Mark Michelson triaged the new trace and it looks like it should be helpful. Though "core show locks" output could reduce hours of work to minutes of work.

pbx_lua is under extended support so I've put the issue into an open state for a community dev to take a look when they are available.

By: David Brillert (aragon) 2013-07-26 10:32:13.631-0500

Thank you kindly, that is good news.

By: David Brillert (aragon) 2013-07-26 10:36:08.693-0500

We aren't using pbx_lua so I changed modules.conf so it won't load.
I hoped that would be enough to fix the problem but the gdb trace still doesn't look 'happy, happy, happy'.
The load gets crazy and I still see some <Address 0x6 out of bounds> that look like memory corruption in the gdb trace.

By: Rusty Newton (rnewton) 2013-07-26 14:00:14.032-0500

Sorry I had missed your 26/Jul/13 9:56 AM before I commented.

Can you get [valgrind|https://wiki.asterisk.org/wiki/display/AST/Valgrind] output?

To confirm, after noloading pbx_lua you don't get a full deadlock, but CPU usage spikes.

How long does the CPU usage hit the roof for?

By: David Brillert (aragon) 2013-07-26 14:07:03.708-0500

I have downloaded the customer's config to a lab server and starting valgrind.
It's taking a long time to start under Valgrind ;)

To confirm, after noloading pbx_lua you don't get a full deadlock, but CPU usage spikes.
- So far so good on the full deadlock

How long does the CPU usage hit the roof for?
- a long time, until I restart Asterisk

The trace = gdb thread apply all bt full.txt
   22/Jul/13 3:37 PM
Is a gdb attachment during a full deadlock with lua loaded.

The trace =  7_26_2013 gdb thread apply all bt full.txt
   26/Jul/13 10:56 AM
Is a gdb attachment during the high CPU load with noload => pbx_lua.so

By: David Brillert (aragon) 2013-07-26 14:47:02.287-0500

I hope this valgrind attachment will help.
It's not from the production server and had zero voice traffic on it, and no registered extensions.

By: Rusty Newton (rnewton) 2013-07-29 16:18:21.168-0500

Since you are not getting the deadlock it sounds like we have two possibly separate issues.
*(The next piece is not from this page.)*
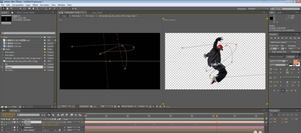 3、接下來,新建點(diǎn)光源,然后對(duì)點(diǎn)光源的位置上做位移動(dòng)畫,使其能對(duì)人物纏繞。可以調(diào)整到兩個(gè)視圖,仔細(xì)的調(diào)整,調(diào)整出空間的感覺。最后光線出去的時(shí)候可以對(duì)著攝像機(jī)沖過去,這樣可以有視覺沖擊的感覺。
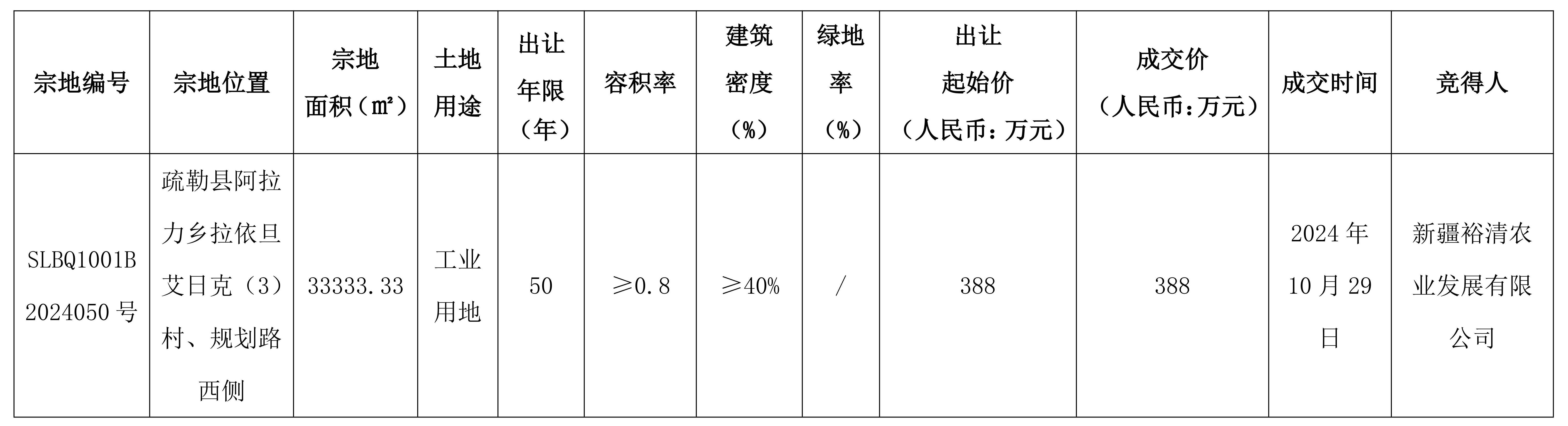根據(jù)《中華人民共和國土地管理法》《招標(biāo)拍賣掛牌出讓國有建設(shè)用地使用權(quán)規(guī)定》(國土資源部令第39號)《自治區(qū)深化公共資源交易平臺(tái)整合共享工作方案〉的通知》(新政辦函〔2019〕250號)等有關(guān)法律法規(guī)及文件的規(guī)定,疏勒縣自然資源局以掛牌方式出讓1(幅)地塊的國有建設(shè)用地使用權(quán),現(xiàn)將出讓成交結(jié)果公示如下:

To avoid confusion please create a new issue for the high CPU consumption. Attach your new trace and valgrind output to that one, then we'll look at it there.

Since the locking was related to pbx_lua and your not even using that, we won't expect this new debug to help for the previous deadlock.


By: David Brillert (aragon) 2013-07-29 16:32:46.148-0500

New ticket is opened ASTERISK-22208

By: David Brillert (aragon) 2013-09-16 14:22:58.856-0500

Why am I the assignee on this bug report?